Park service officials said they have no idea how long it will take to patch the road up Zion Canyon, the only way in to some of the Utah park’s most spectacular scenery. However, some locals said they were told it would take up to two months. The winding, two-lane road was pounded by a 150-yard-wide slide Wednesday night and then was washed away when the Virgin River formed a lake and spilled over its banks.

More than 300 guests and 130 employees of the Zion Lodge were marooned for almost 24 hours, unable to get out until a one-lane dirt road was fashioned beside the river late Thursday. By Friday morning, the last employees and about 40 trail horses were led to safety. But one spring season and many jobs had been blown to dust.

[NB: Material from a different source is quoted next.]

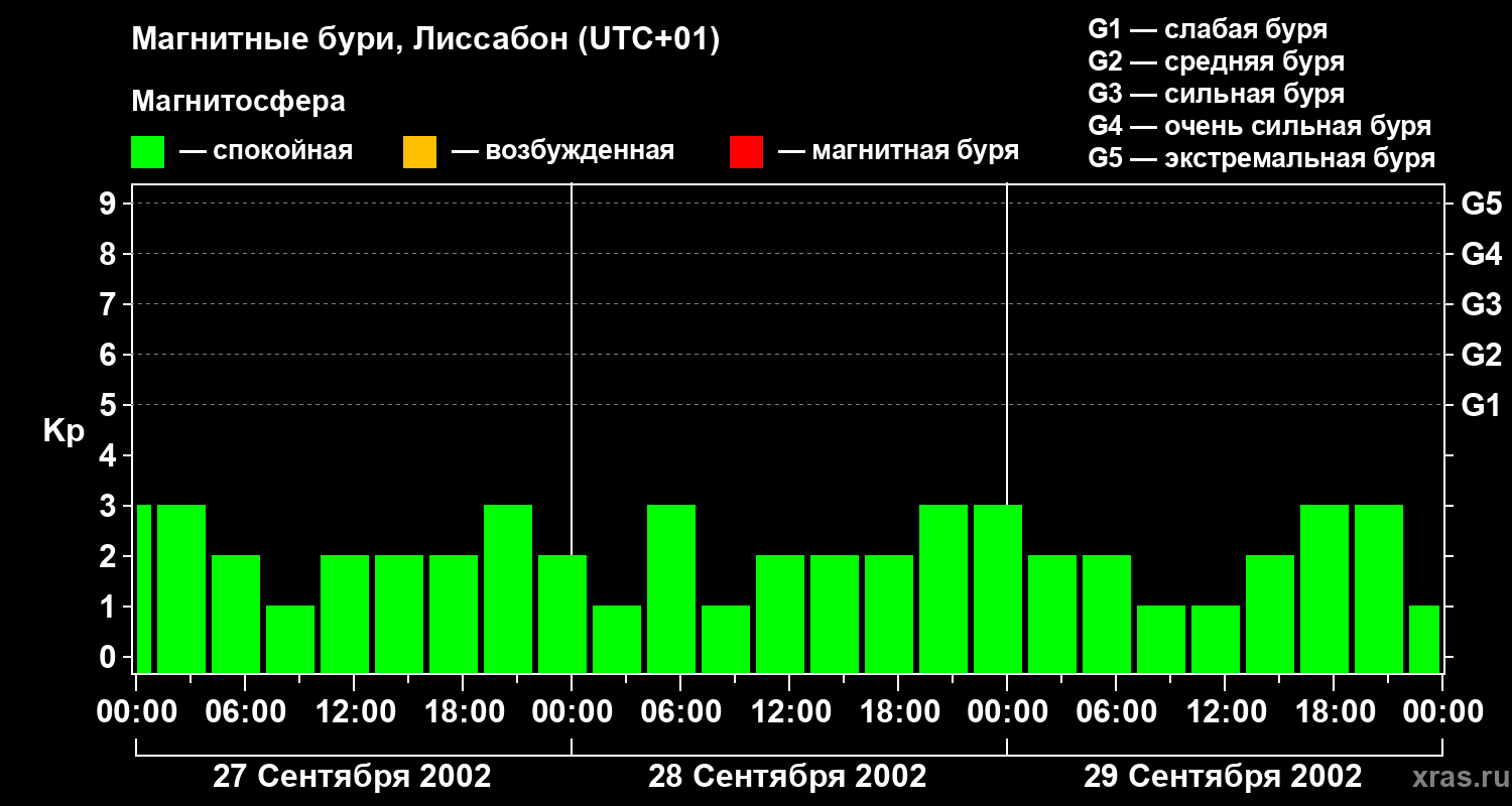 Изменения геомагнитного индекса Kp с 27 по 29 сентября 2002 года для средних широт

“We’re closing everything. Shutting down. Don’t know when we’ll be back,” said general manager Gordon Taylor of the landmark lodge, made of the same red stone that forms the canyon. “For some of our people it’s going to be a real hardship.”

Zion is described by park rangers as a religious term meaning “place of tranquillity” and, indeed, it is a place of biblical beauty. The Virgin River carves the bottom of a canyon whose sheer sandstone walls are as red as a setting sun, rising vertically 3,000 feet into the air. The gorge is so narrow, just a few hundred yards in sections, that hikers say they feel a sense of intimacy, as well as awe.

“Friends of ours had said we must see it,” said Gerardus Van Westing, one of four Dutch travelers turned away Friday. “What a pity! But maybe someday we will come again.”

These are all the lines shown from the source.